[[ Records for this exercise, beginning ]]

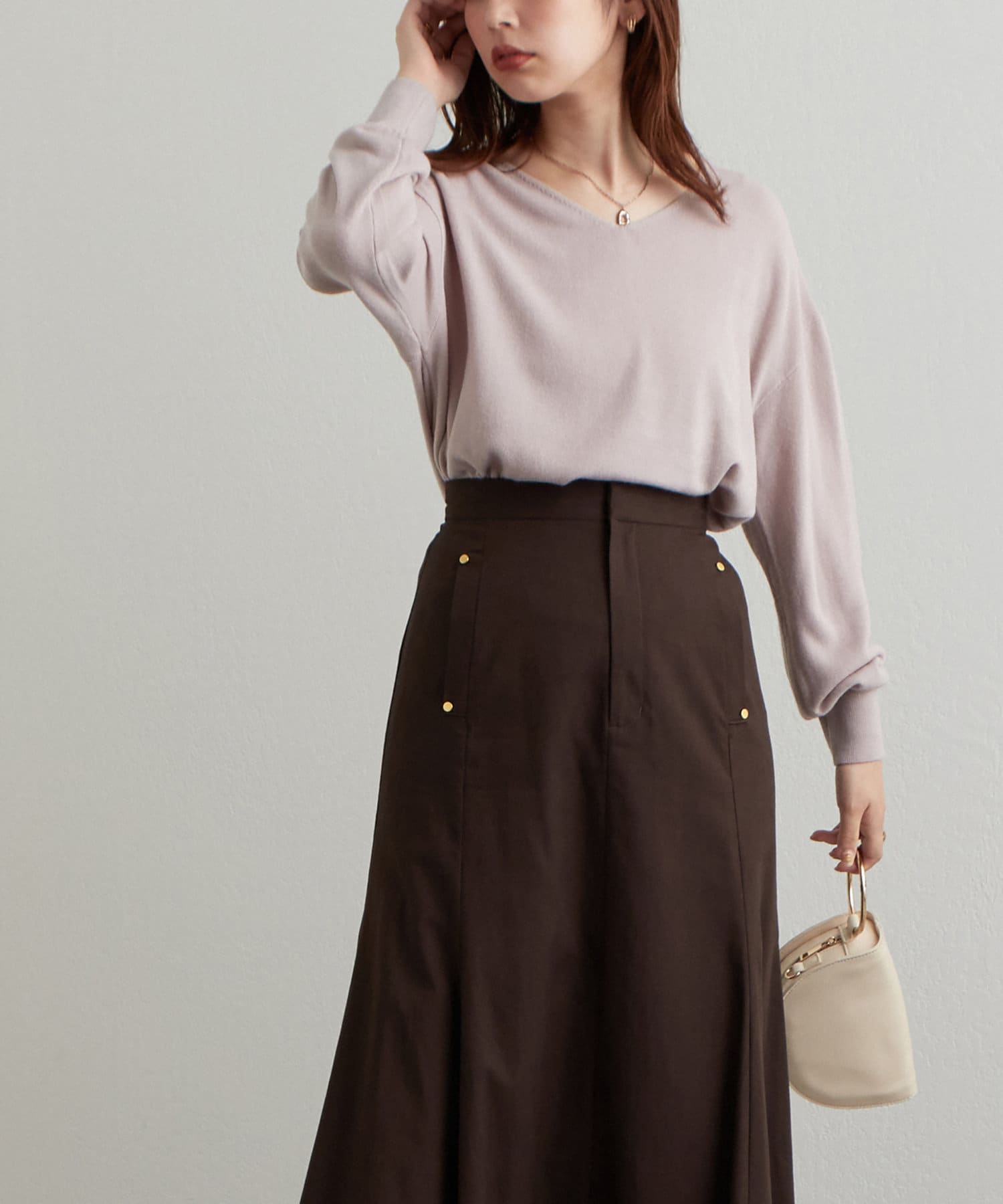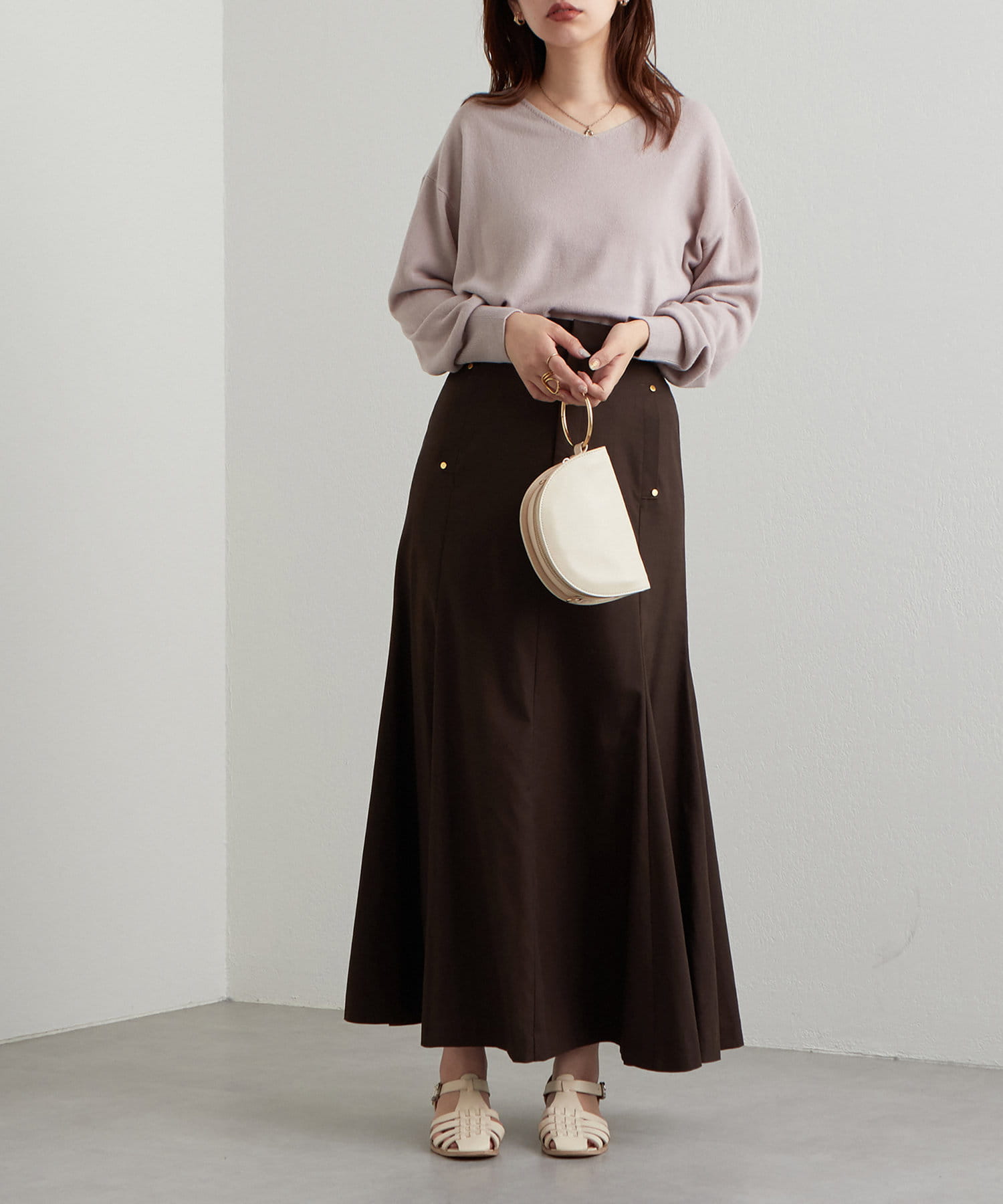 厚地すぎない生地感は今季トレンドのハイウエストマーメイドスカートにINもしやすくオススメです。
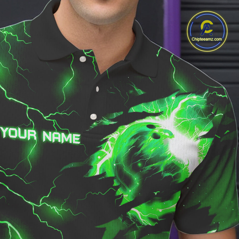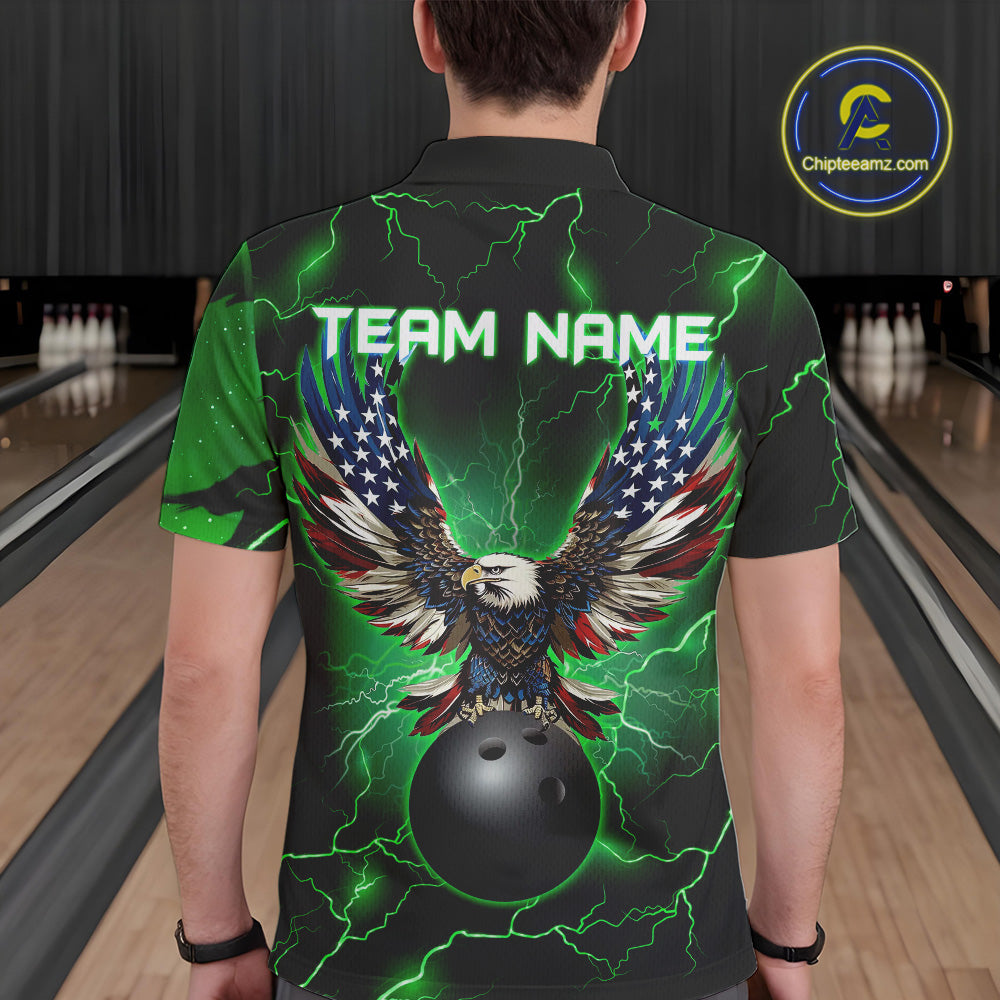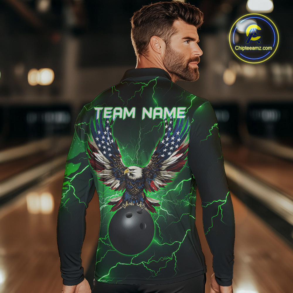 Green lightning thunder bowling American flag Eagle custom Mens Bowling Polo, Quarter Zip Shirts NQS10111
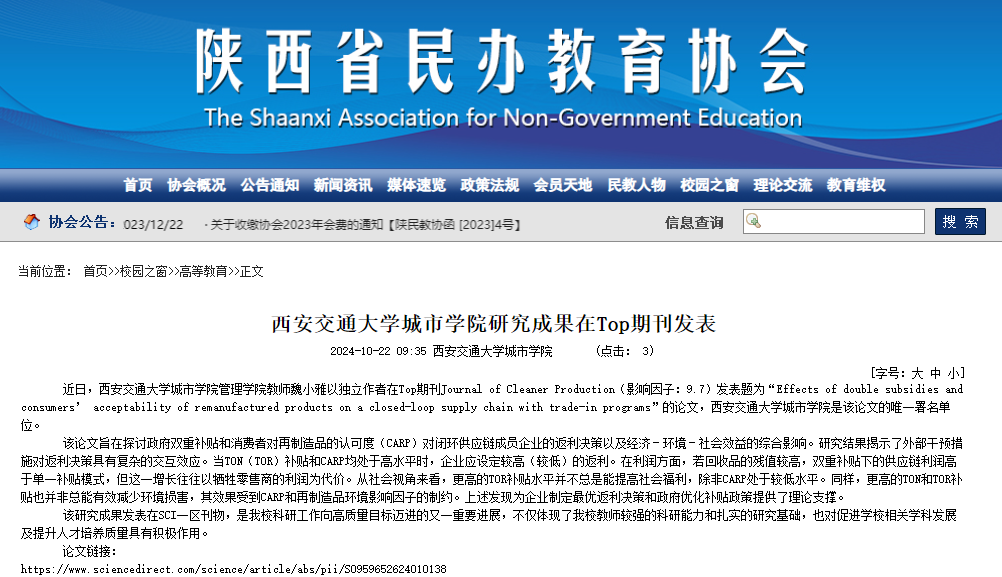 近日,yl7703永利官网管理学院教师魏小雅以独立作者在Top期刊Journal of Cleaner Production(影响因子:9.7)发表题为“Effects of double subsidies and consumers’ acceptability of remanufactured products on a closed-loop supply chain with trade-in programs”的论文,yl7703永利官网是该论文的唯一署名单位。
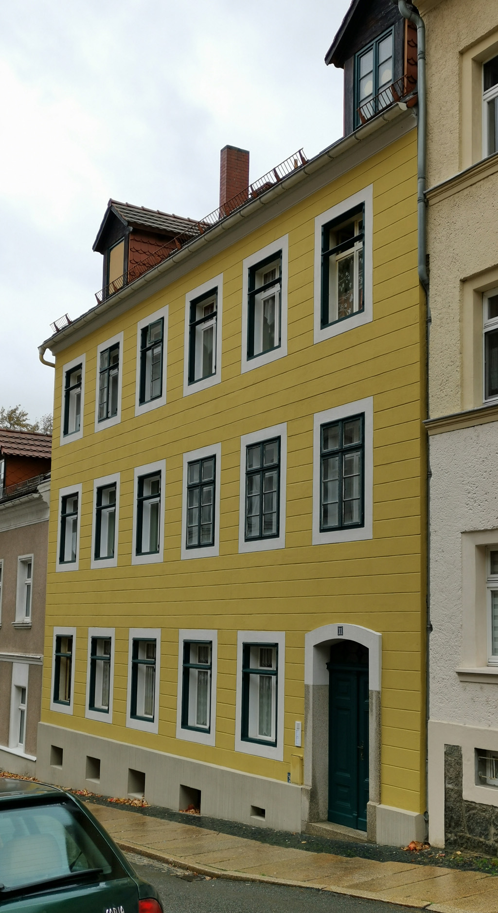 Am unteren Abschnitt der Sonnenstraße erstrahlt ein Haus in frischen sonnigen Farben. Wir haben die Fassadensanierung unserer Sonnenstraße 11 fast abgeschlossen. Gestern wurden die Gerüste abgebaut.
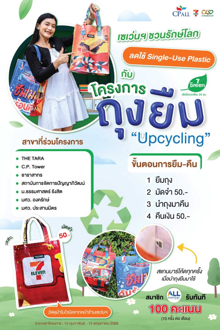 พิเศษสุด ๆ เพราะเป็นถุงยืมที่ Upcycling ทำจากผ้าใบไวนิลหน้าร้านเซเว่นฯ มัดจำเพียง 50 บาท!! และเมื่อนำถุงผ้ามาคืน จะได้เงินคืน 50 บาท นอกจากนี้ทุก ๆ ครั้งที่ใช้ถุงยืมมาซื้อสินค้าภายในร้านเซเว่นฯ รับคะแนน ALL MEMBER ทันที 100 แต้ม (10 ครั้ง/เดือน)

[[ Records for this exercise, end ]]

→ **Required action**
Would you please output each record exactly, leaving the images out?

→ **Your solution**
 厚地すぎない生地感は今季トレンドのハイウエストマーメイドスカートにINもしやすくオススメです。
 Green lightning thunder bowling American flag Eagle custom Mens Bowling Polo, Quarter Zip Shirts NQS10111
 近日,yl7703永利官网管理学院教师魏小雅以独立作者在Top期刊Journal of Cleaner Production(影响因子:9.7)发表题为“Effects of double subsidies and consumers’ acceptability of remanufactured products on a closed-loop supply chain with trade-in programs”的论文,yl7703永利官网是该论文的唯一署名单位。
 Am unteren Abschnitt der Sonnenstraße erstrahlt ein Haus in frischen sonnigen Farben. Wir haben die Fassadensanierung unserer Sonnenstraße 11 fast abgeschlossen. Gestern wurden die Gerüste abgebaut.
 พิเศษสุด ๆ เพราะเป็นถุงยืมที่ Upcycling ทำจากผ้าใบไวนิลหน้าร้านเซเว่นฯ มัดจำเพียง 50 บาท!! และเมื่อนำถุงผ้ามาคืน จะได้เงินคืน 50 บาท นอกจากนี้ทุก ๆ ครั้งที่ใช้ถุงยืมมาซื้อสินค้าภายในร้านเซเว่นฯ รับคะแนน ALL MEMBER ทันที 100 แต้ม (10 ครั้ง/เดือน)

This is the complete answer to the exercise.